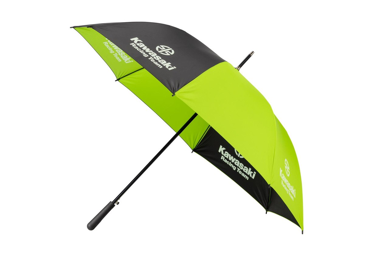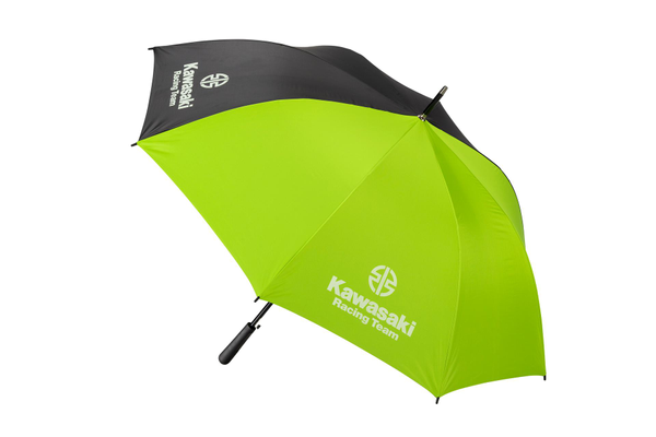 Grote paraplu van 125 cm diameter met contrasterende binnen- en buitenkleur en Kawasaki logo aan beide zijden.
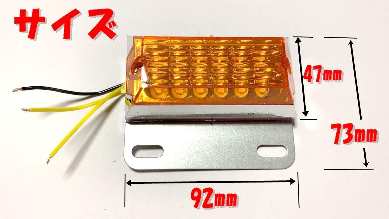 ?【取り付け】ステーが付いておりますので簡単に取り付け可能です。結線は黒1本をマイナスに、黄色は2本ともプラスに繋いで下さい。どちらか1本が6列のうち外側4列、もう1本が中央2列の点灯となります。(結線のやり方で3通りのバリエーションでの点灯パターンが出来ます)
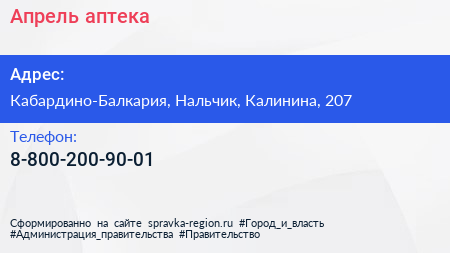 Апрель, аптека по адресу Кабардино-Балкария, Нальчик, Калинина, 207 в дальнейшем Организация, размещена в следующих категориях:
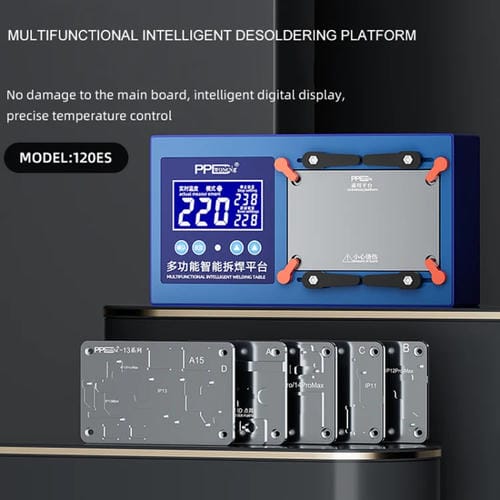 La Plataforma Desoldadora Inteligente Multifuncional PPD está diseñada para la Reparación especializada de modelos iPhone desde la serie 11 hasta la 14 Pro Max. Esta plataforma permite realizar desoldados precisos en Placas Principales sin causar daños, gracias a su Pantalla Digital inteligente y control de temperatura exacto. Su función Principal es facilitar el desmontaje y reemplazo de módulos internos, optimizando el proceso de Reparación con un calentamiento rápido y uniforme. Además, incorpora un diseño resistente a altas temperaturas que previene deformaciones y quemaduras, asegurando un uso seguro y eficiente para Técnicos y usuarios con experiencia en Reparación de dispositivos Apple.
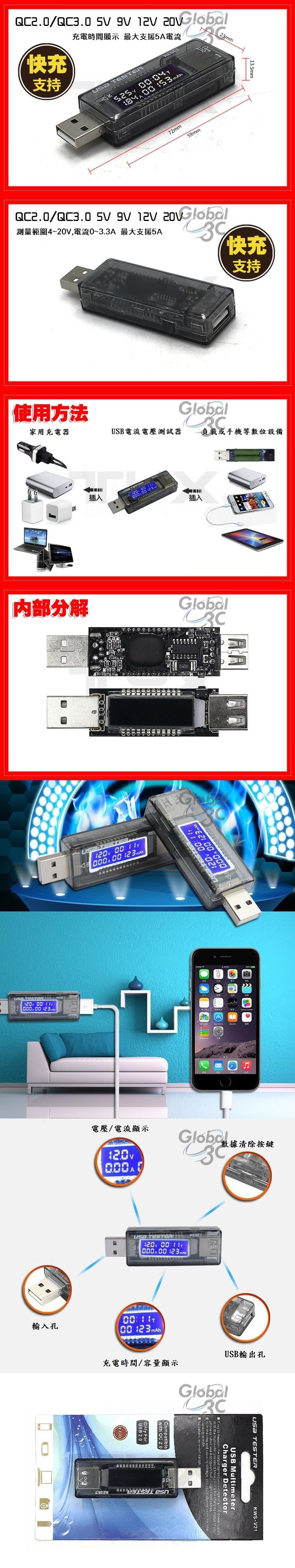 支援 QC 2.0 3.0 快充 充電時間顯示 電壓 USB電壓電流測試儀 5V/9V/12V 測電壓電流神器
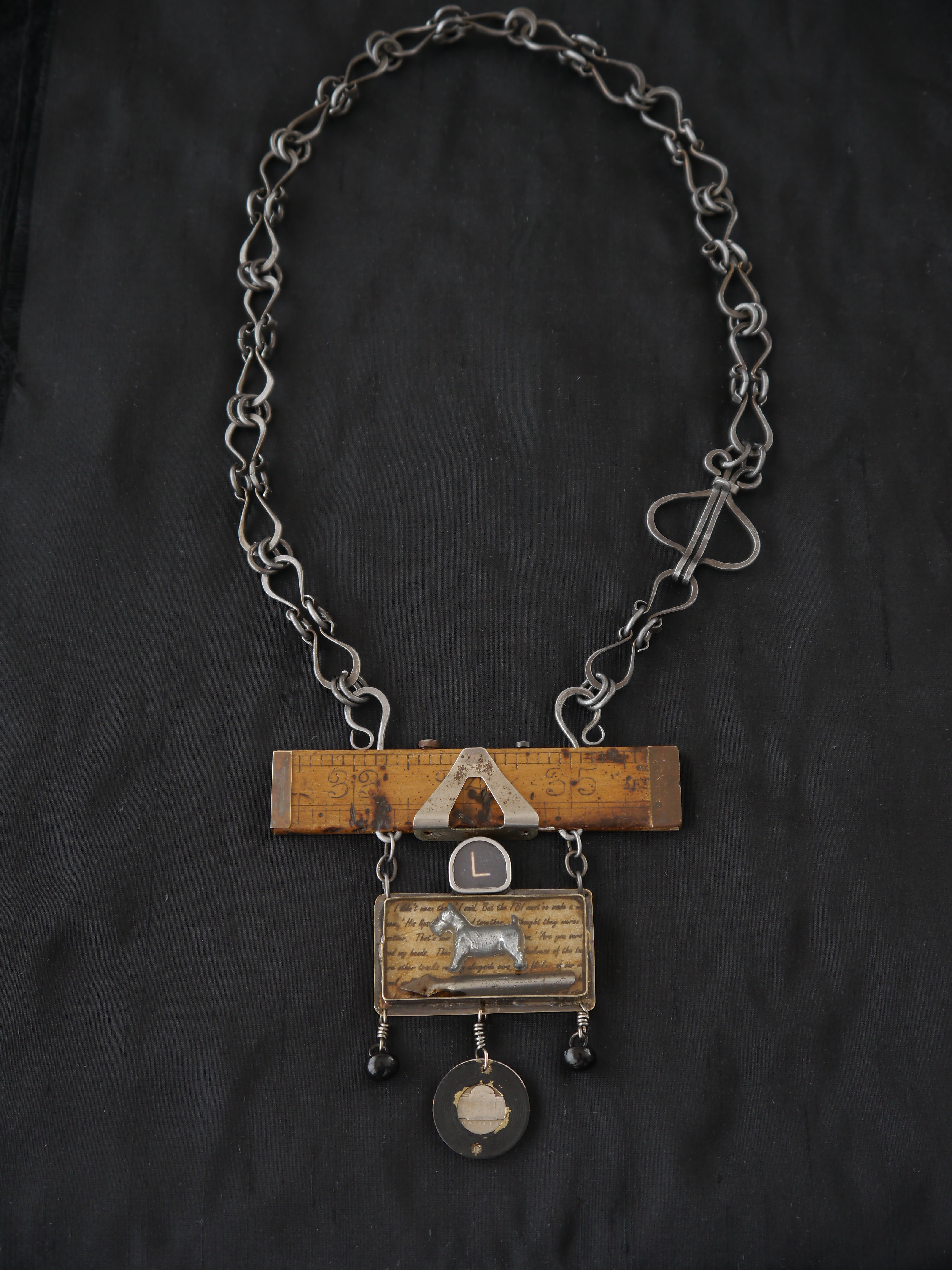 Lucy pendant full view Published July 28, 2013 at 3456 × 4608 in Pendant for Lucy Brass, steel wire, silver wire, monopoly piece, pen nib, vintage ruler, boot buttons, coin, camera parts.
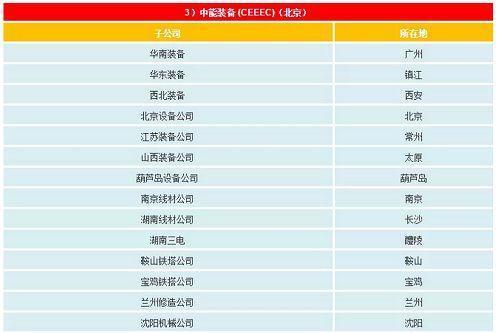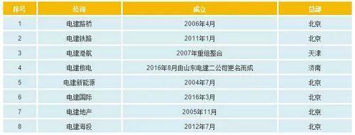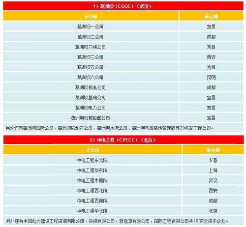 另有电建租赁、电建装备研究院、北京华科软、电建水治理、电建(德国)等85家二级子公司、控股公司。 3、中国能源建设集团有限公司 来源:由中国葛洲坝集团公司、中国电力工程顾问集团公司和电力勘察设计、施工和修造企业组成。 主要业务:集电力和能源规划咨询、勘测设计、工程承包、装备制造、投资运营等于一体的完整业务链的特大型骨干企业。 主要子集团:
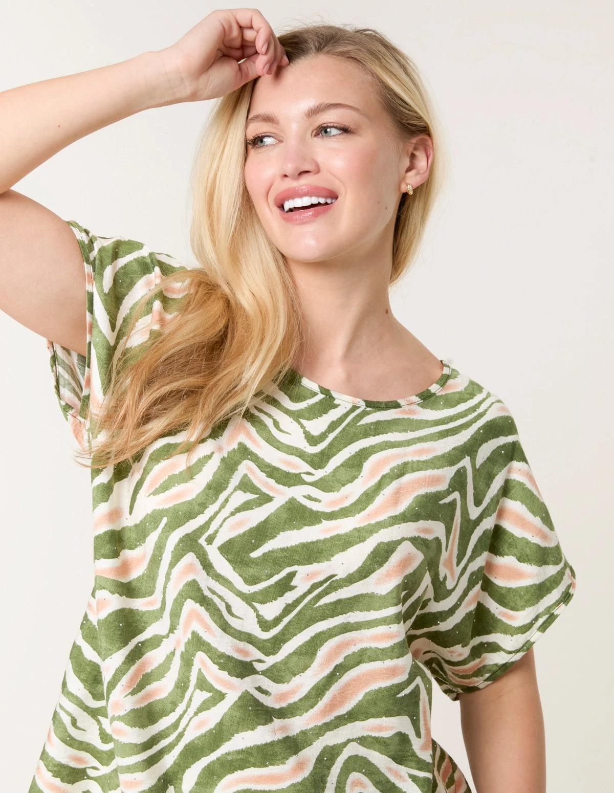 Add some sparkle to your t-shirt collection this SS. Our abstract diamante top will add a touch of style teamed with chinos and pumps.
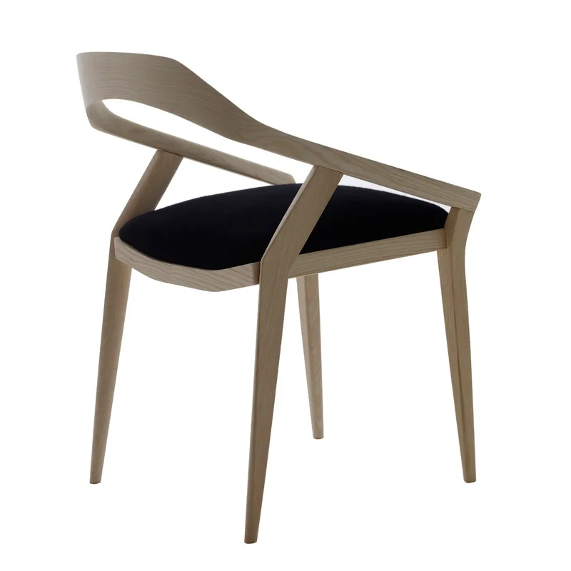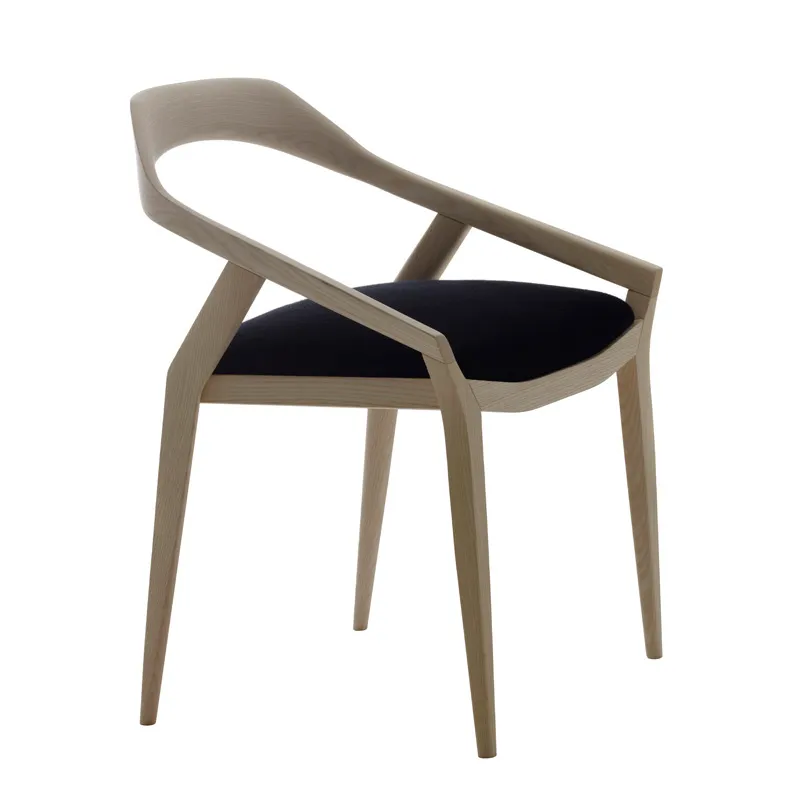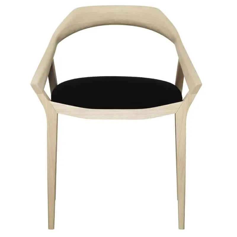 wooden chair in solid ash wood with upholstered seat in fabric or leather.
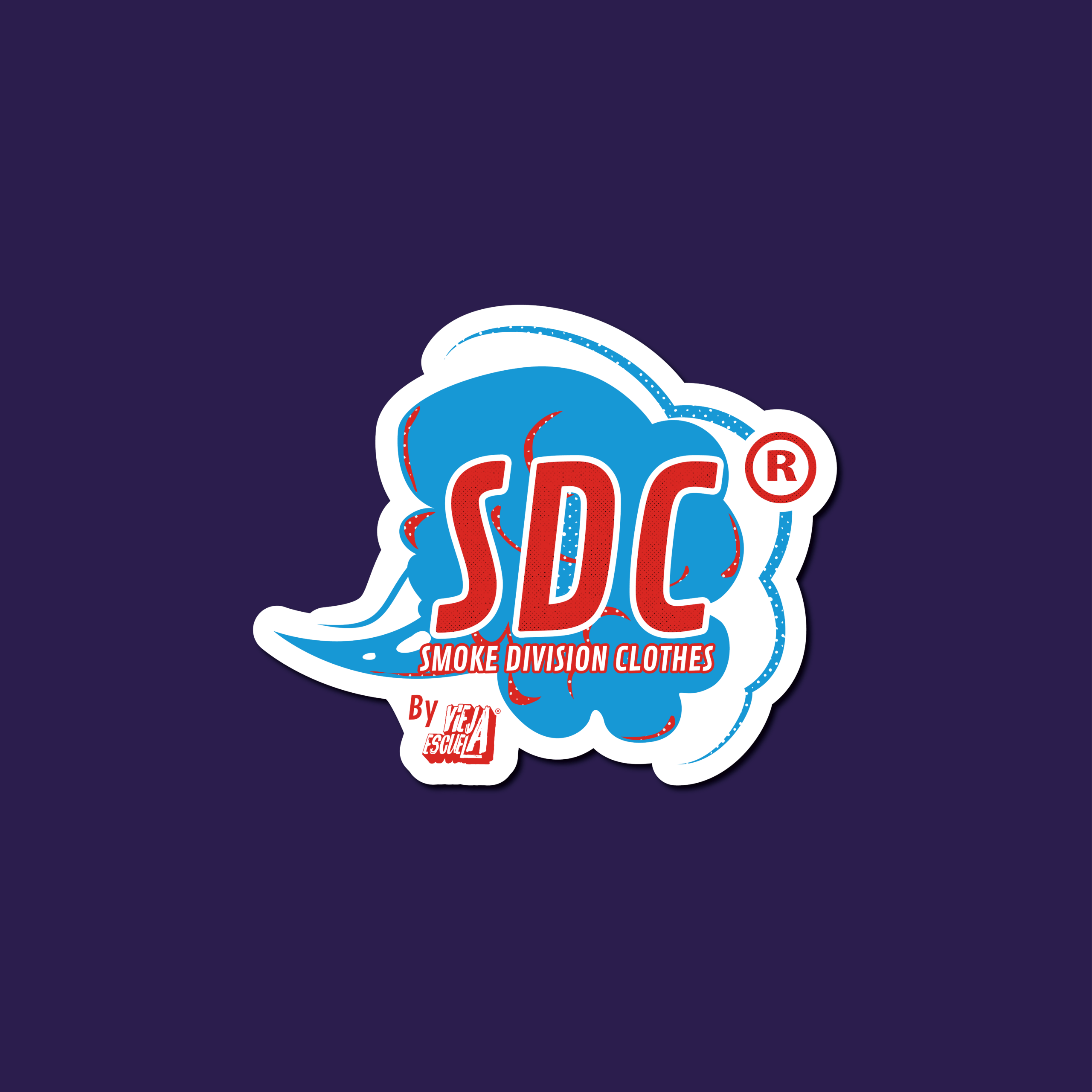Sticker oficial de la marca Smoke Division Clothes (SDC) con el logotipo en composición central. Presenta las siglas SDC en tipografía robusta y dinámica en color rojo con detalles gráficos, integradas sobre una nube de humo en tonos celeste y azul que refuerza la identidad urbana de la marca.
# # # #
_WORK ITEM:_ Look through the material above. Transcribe exactly the lines between the ones with "Апрель, аптека по" and "支援 QC 2.0 3.0", inclusive, and keep pictures out.

_SOLUTION:_
 Апрель, аптека по адресу Кабардино-Балкария, Нальчик, Калинина, 207 в дальнейшем Организация, размещена в следующих категориях:
 La Plataforma Desoldadora Inteligente Multifuncional PPD está diseñada para la Reparación especializada de modelos iPhone desde la serie 11 hasta la 14 Pro Max. Esta plataforma permite realizar desoldados precisos en Placas Principales sin causar daños, gracias a su Pantalla Digital inteligente y control de temperatura exacto. Su función Principal es facilitar el desmontaje y reemplazo de módulos internos, optimizando el proceso de Reparación con un calentamiento rápido y uniforme. Además, incorpora un diseño resistente a altas temperaturas que previene deformaciones y quemaduras, asegurando un uso seguro y eficiente para Técnicos y usuarios con experiencia en Reparación de dispositivos Apple.
 支援 QC 2.0 3.0 快充 充電時間顯示 電壓 USB電壓電流測試儀 5V/9V/12V 測電壓電流神器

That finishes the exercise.